После сытного обеда казаки выпили по нескольку кружек вина. Настроение у них стало еще более веселым, когда Сергунька, ухмыльнувшись, вытащил из кармана полбутылки ячменной водки, а другой казак, Доценко, положил на стол добрый кусок сала.
— Ну, водка — это понятно. А вот сало-то откуда? — удивился Сергунька.
Доценко смущенно ответил:
— Дело, братцы, такое: его благородию командиру полка из дому прислали возок с разной снедью. Ну, значит, иду я мимо вчерась ночью. Вижу: денщик храпит в возке…
— Ты руку-то и запустил под кошму?
— Да нет, валялось оно, сало-то, коло возка, — стал было объяснять, багрово покраснев, Доценко, но никто ему не поверил, все дружно засмеялись.
И даже вечно угрюмый Корытин ухмыльнулся, заметив:
— Ништо ему, командиру полка! Сам все пожрет, так животом заболеет.

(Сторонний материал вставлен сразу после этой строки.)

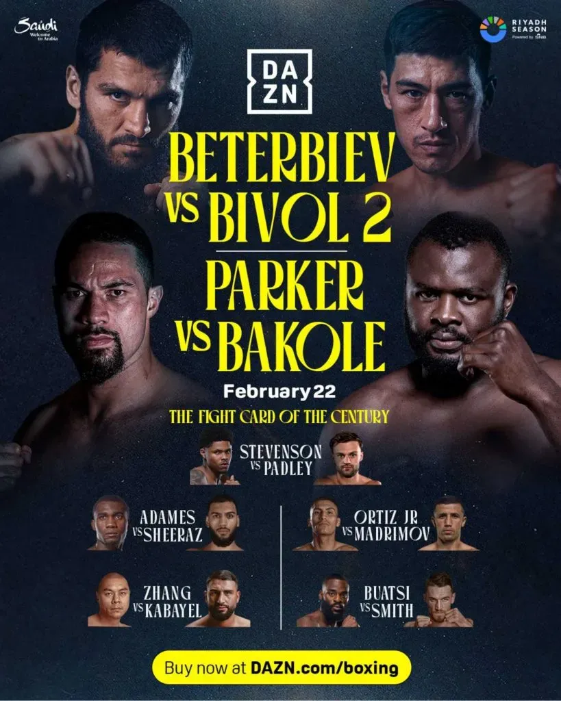 El evento de boxeo tiene lugar este sábado 22 de febrero a partir de las 13:00 horas de Chile en el Kingdom Arena de Riad, Arabia Saudita, sin embargo, el combate central entre Beterbiev y Bivol inicia aproximadamente a las 19:30 horas de Chile.

Быстро съели сало, выпили водку. В головах зашумело. Языки развязались. Пошел оживленный разговор. Сначала о том, что вот к салу-то хорош был бы не кукурузный хлеб, а ржаной, и что жаль, нет здесь огурцов соленых… И о том, что турецкий солдат хоть и не трусоват, а все же против русского воина, как гвоздь против штыка.
Сергунька сказал:
— Мудреная эта война, точно игра какая. Два года уже тянется, а конца-края ей не видать: все переходы да обходы… Часто и на месте топчемся, а зимой не воюем, на зимних квартирах располагаемся. Высшему начальству ордена и чины идут, только руки подставляй, а нам, казакам и солдатам, одни лишения тяжкие, ранения да болезни.
— А про славу казачью запамятовал? — резко спросил Корытин.

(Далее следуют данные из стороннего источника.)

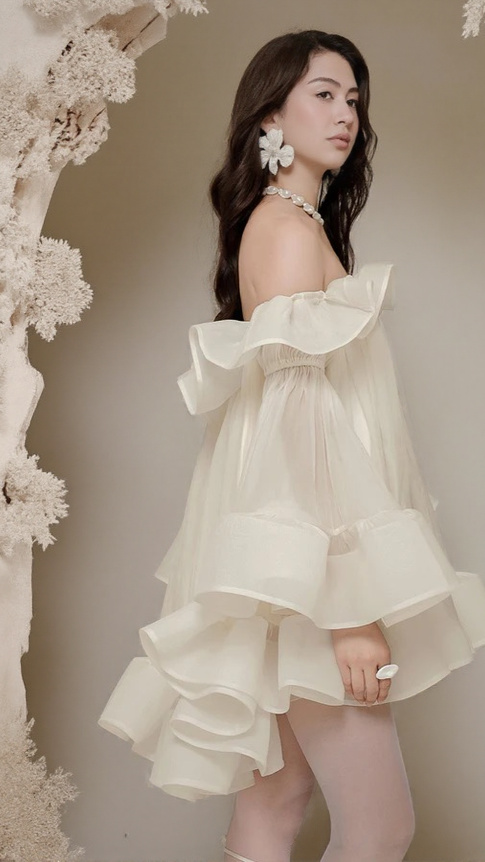 BERNICE RUFFLE LAYER CRINKLE CHIFFON MINI DRESS IN WHITE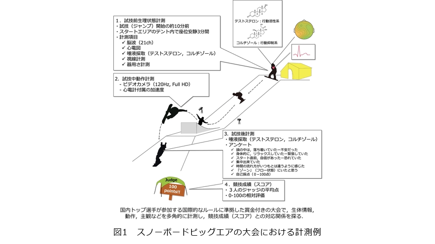 この研究では、脳波、心拍、呼吸をはじめ、全身からさまざまな生体信号を計測し、それらの相互関係とスコアの関係を分析しています。まだ論文未公刊なので詳細は控えますが、脳と心臓の関係性がスコアに強く影響するという新たな発見がありました。脳と心臓の関係は神経科学の分野においてホットトピックスの1つなのですが、私たちの研究は先行研究とは全く異なるパラメータに着目しています。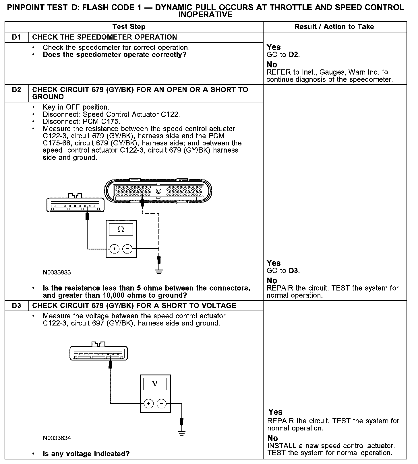 PINPOINT TEST D: FLASH CODE 1 - DYNAMIC PULL OCCURS AT THROTTLE AND SPEED CONTROL INOPERATIVED1-D3:

— Не забыл. А все же недаром на Дону пословицы молвятся: «Слава-то казачья, да жизнь собачья», или еще: «Голод да стужа — царская служба».
— Эх, видно, плохому учит тебя Денисов! Должно, вам обоим и грамота впрок не пошла.
— И что ты, Корытин, цепляешься к ним, как терен колючий? — укоризненно вымолвил белобрысый казак Малахов, видя, как потемнели лица Денисова и Костина и искры гнева зажглись в их глазах. — Что пригорюнились, Павел и Сергунька? Все же войне, видно, скоро конец. На Дон тихий в благополучии возвернемся.
— Не сыщешь правды и там, на Дону, — глухо проговорил Павел. — Присмирел некогда могучий Дон, приутишился. Старшина всюду верх взяла, друг друга покрывают. Известно, ворон ворону глаза не выклюет.
Глубокие складки залегли между бровями Порфирия Спешнева. Он проговорил горячо:
— Да, на Дону бедовые дела творятся. Нет ныне правды и там. Измываются над бедняками, точно не люди они, а щенки какие.
— Сам ты щенок, молокосос! — рявкнул Корытин. — Ишь ты, от горшка два вершка, а туда же — словами вольными кидаешься! Мы — казаки, не крепостное мужичье. Каждый у нас, ежели с умом, да дело знает, да на войне отличился, может в старшины выбиться… А за речи непутевые знаете что может быть? — И Корытин взглянул на Денисова. — Ведь время-то военное, и суд-то у нас военный.
Павел вскочил — чуть стол не опрокинул. Стремительно поднялись и другие. С побелевшим от гнева лицом Денисов крикнул:
— Смотри, Корытин, вижу тебя насквозь. Недалеко, видно, ушел ты от отца своего. Ведь он кабалой, словно паутиной липкой, опутал бедноту станичную и старшинам доносы делает. Ежели и ты шпынем, доносчиком станешь, все ребра тебе переломаю. Помнишь, как тогда, на масленой, в станице шваркнул я тебя, аж земля загудела! А теперь не я один — многие тебе настоящую цену знают…
— Да что вы, станичники! Нешто ополоумели? — струсил Корытин. — Я ж только к тому, что не можно здесь речи неподобные вести. А ну, как подслушает кто из офицеров или тот же трактирщик донесет?
Все невольно оглянулись на открытую дверь.
…Выйдя из трактира, шли молча. У лагеря Павел приостановился и сказал Корытину угрожающе:
— Помни же: в случае чего расправа с тобой будет короткая.
Корытин сверкнул глазами, но ничего не ответил.